Tuesday, April 14, 2015
Guilty of Being Not Guilty
That's the official reason that two parents from my metro area are being monitored by Maryland's Child Protective Services, after they keep insisting that their children should be allowed to go play in playgrounds by themselves.
It's radically countercultural in this era, and in this region in particular, where the roar and rotor-wash of helicopter parenting is the norm. But with children being taken into custody by police and then transferred to Child Protective Services after concerned citizens report them "walking" and "playing," we're getting a sense of the kind of culture we've created.

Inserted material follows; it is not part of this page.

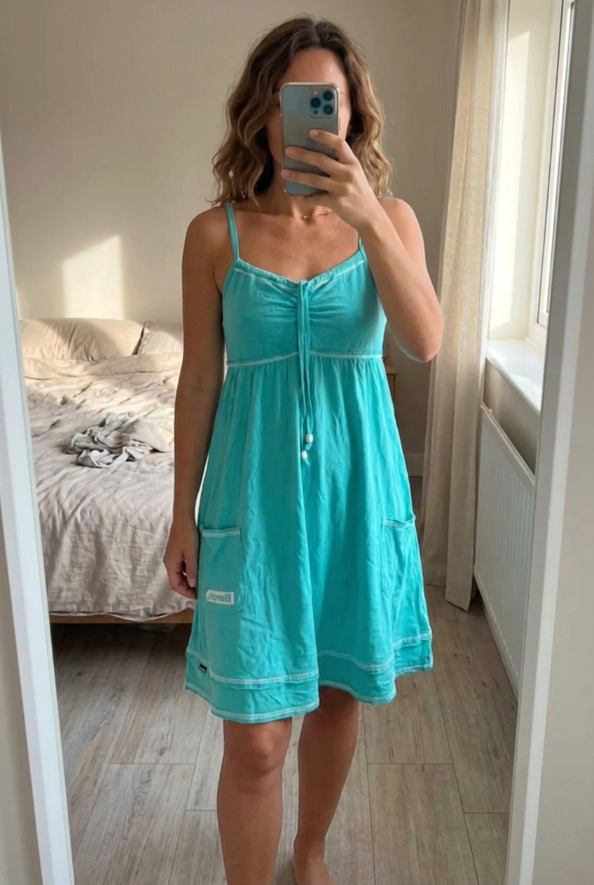 A person in Vintage Y2K bench blue floaty mini dress standing straight facing the camera, in a softly lit bedroom setting, with gentle natural light filtering through a window.
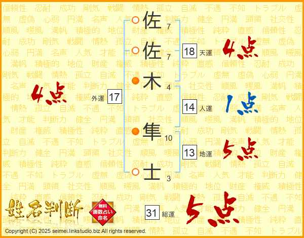 佐佐木隼士さんの総運は31画の5点!

It's the kind of culture that requires a governmental agency to monitor parents who have been, and these are the formal terms, "found responsible" for "unsubstantiated neglect." What that means is: we did not find enough evidence to indicate that you are guilty of neglect, therefore, our finding is you are responsible for "unsubstantiated neglect."
We have no evidence, but we have a finding. It's like saying you're not-not-guilty of a crime. We can't prove you guilty of anything, but you are now under surveillance.
Guilty of being not proven guilty? It feels, on the surface, very newspeaky.
And as much as the idea that we have a system that makes this possible freaks the bejabbers out of me, I ask myself: how did we get here?
Good intentions. Really.
Say you're a neighbor, and you've heard shouting and crying repeatedly from a house, the sounds of lives coming off of the rails. After seeing a young child bruised and with a black eye following what sounded like a profanity laced tirade, you feel morally obligated to report it. CPS investigates, but there's just not enough evidence to warrant a finding of neglect. The house is neat, the kids seem quiet but otherwise fine, the parents have explanations.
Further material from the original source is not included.